Syl grew sober.
“I’m thinking about poor Mary Gordon’s mother, auntie. She’s sick, and dying by inches; and Mary has to leave her all alone; and I’ve told her she shall stay at home to-morrow and make my ruffles, and we’ll pay her just the same as if she came here. And don’t you see that we must give her her dinner to take home, since she can’t come here after it?”
Aunt Rachel never said a word, but she got up and kissed Syl on each cheek. Then she brought a basket, and into it went the cold chicken and a cold tongue and jelly and buttered rolls and fruit, till even Syl was satisfied; and she took the heavy basket and danced away with it to the sewing-room, with a bright light in her dear brown eyes.
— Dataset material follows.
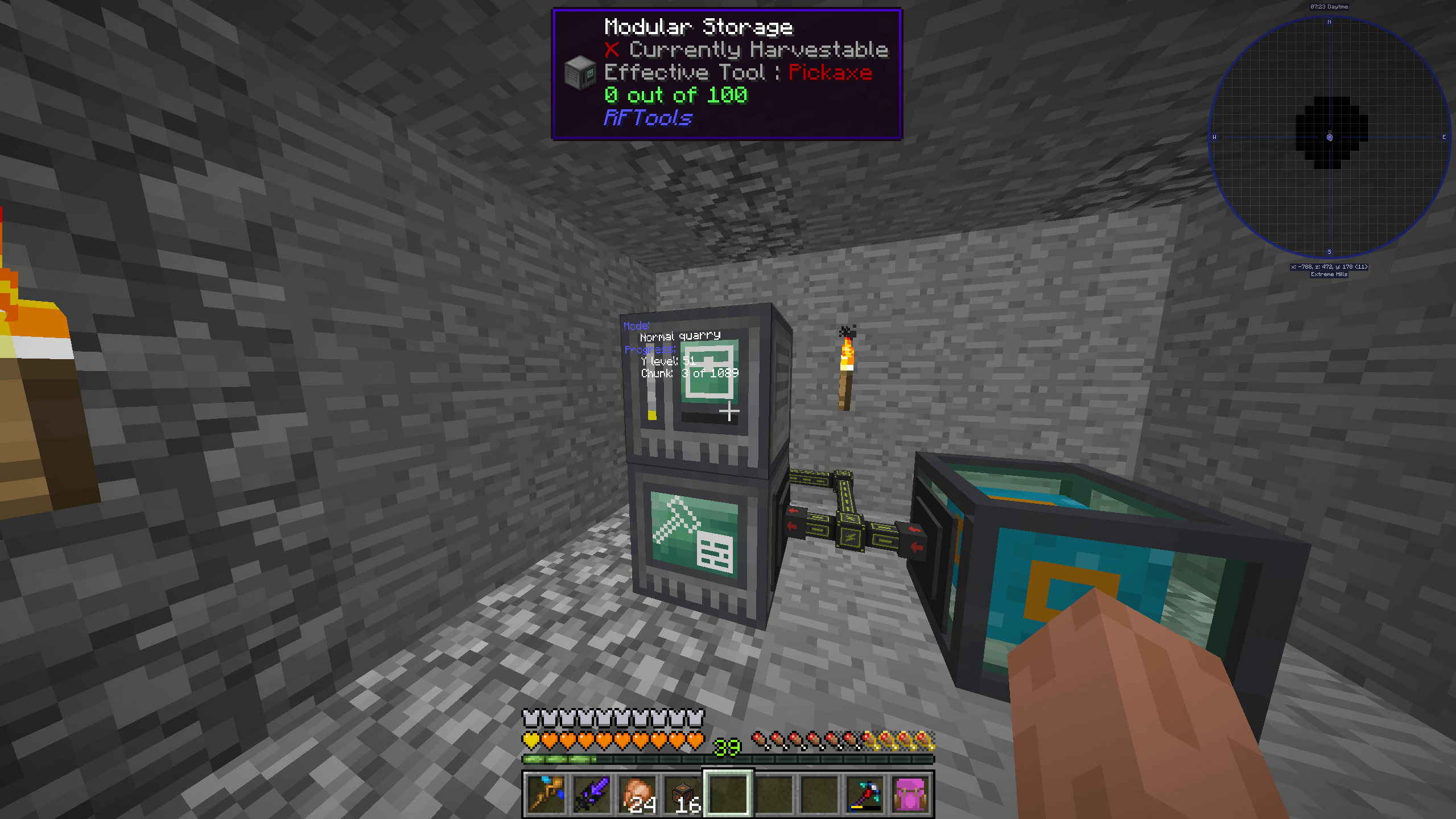 With this setup, while standing in the deep dark the items from the builder will transfer into the main storage system correctly, but if in the overworld, items stop appearing in the modular storage in the overworld and get clogged in the modular storage in the deep dark.

“I think you’d best go now,” she said. “I can’t get your mother, waiting there alone, out of my mind, and it’s spoiling my afternoon, don’t you see? And because you mustn’t come here to dine to-morrow, you must carry your dinner home with you; and Aunt Rachel put some fruit and some jelly in the basket that maybe your mother will like.”
That night, when Mr. Lucius Graham let himself into the hall with his latch-key, his daughter heard him and went to meet him, as usual. But she was very silent, and he missed his teasing, saucy, provoking Syl.
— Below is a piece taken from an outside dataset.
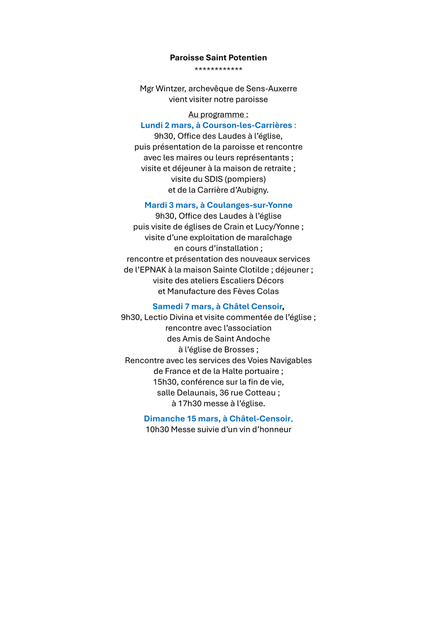 La paroisse Saint-Potentien nous prie d'annoncer :

“Why, daughter, are you in a dream?” he asked once during dinner; but she only laughed and shook her head. She held her peace until she had him at her mercy, in the great easy-chair, and she was on the stool beside him, as her wont was. Then, suddenly, her question came.
“Papa, do you think a pomegranate silk without velvet would be very bad?”
He was inclined to tease her, and began with “Hideous!” but then he saw that her lips were fairly trembling, and her face full of eagerness, and forbore.